Supreme Court accepts challenge of federal gun crime 
GINA HOLLAND, Associated Press Writer   
     
(12-10) 11:23 PST WASHINGTON (AP) --  
   
The Supreme Court agreed Monday to consider the fairness of federal
prison terms for inmates given longer sentences for using a firearm in
their crimes.     
                             
The question for justices: whether juries or judges should decide if
someone brandished or discharged a weapon while committing a crime.

In federal courts, juries must decide beyond a reasonable doubt if there
was a crime. Whether a gun was involved can be settled separately by a
judge, who uses a lesser standard of proof.

The Supreme Court will review the case of William Joseph Harris, whose
attorneys argued that the process violates defendants’ constitutional
rights to due process and a jury trial.  The weapon allegation does not
have to be listed in an indictment.

Congress requires longer prison sentences for people who use guns during
violent crimes or drug dealing.  The penalty for brandishing a weapon is
at least seven years in prison and for discharging a gun is 10 years.

Harris had pleaded guilty in 1999 to selling marijuana out of his pawn
shop in Albemarle, N.C. He wore a pistol in a hip holster while at work
for safety reasons, his lawyer told the court.  Harris bragged during
one sale that his homemade bullets could pierce a police officer’s
armored jacket, according to government records.

A judge convicted him of brandishing a gun while engaged in drug
trafficking, then sentenced him to the mandatory seven years in prison.

"He could have received seven years even without that finding," the 4th
U.S. Circuit Court of Appeals said in rejecting his case.

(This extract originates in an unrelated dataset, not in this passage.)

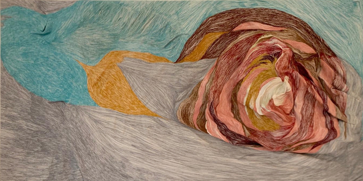 Exploring the sculptural and symbolic powers of thread, Camille Mugnier constructs relief canvases, line by line, much like a poet weaves her verses onto paper. Her work is the result of a lengthy process of shaping the material through thread and color. By developing her own tools for weaving and needle painting, Camille creates sculptures that unfold in space like growing organic forms.
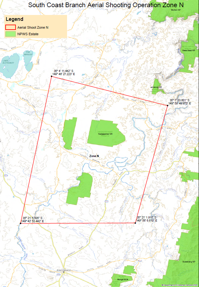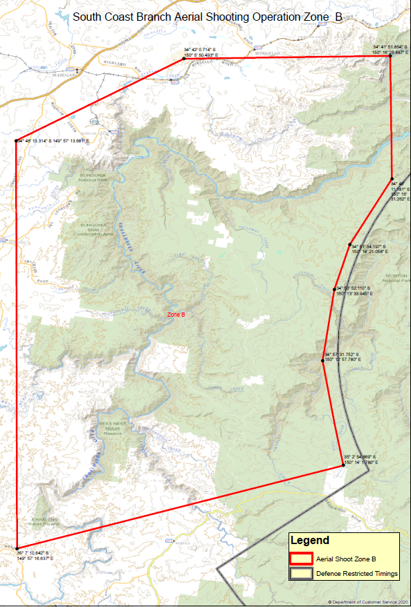 The aerial shooting operations will be conducted within NPWS land tenure and specific adjoining private properties, near Nowra restricted air space, performing low flying operations that target pest animals. The crew consists of a Pilot, Navigator, Shooter and an on-ground Officer-in-Charge maintaining flight following for search and rescue purposes.

The Bush administration had urged the Supreme Court to also turn back
Harris’ appeal, arguing that Congress in 1998 properly set penalties for
criminals who use weapons.

Justices decided to hear arguments in the case next year.

Harris’ appeal relies on a 2000 Supreme Court ruling that overturned a
New Jersey man’s sentence for a hate crime.  Justices said a jury—not a
judge— should have decided if Charles Apprendi was motivated by bias
when he fired shots into the home of a black family.  Apprendi, who is
white, had gotten a longer sentence because a judge ruled it was a hate crime.

"Any fact that increases the penalty for a crime beyond the prescribed
statutory maximum must be submitted to a jury, and proved beyond a
reasonable doubt," the court said in the Apprendi case.

Multiple appeals are pending or have come through the Supreme Court with
similar arguments from defendants in drug cases.

The case is Harris v. United States, 00-10666.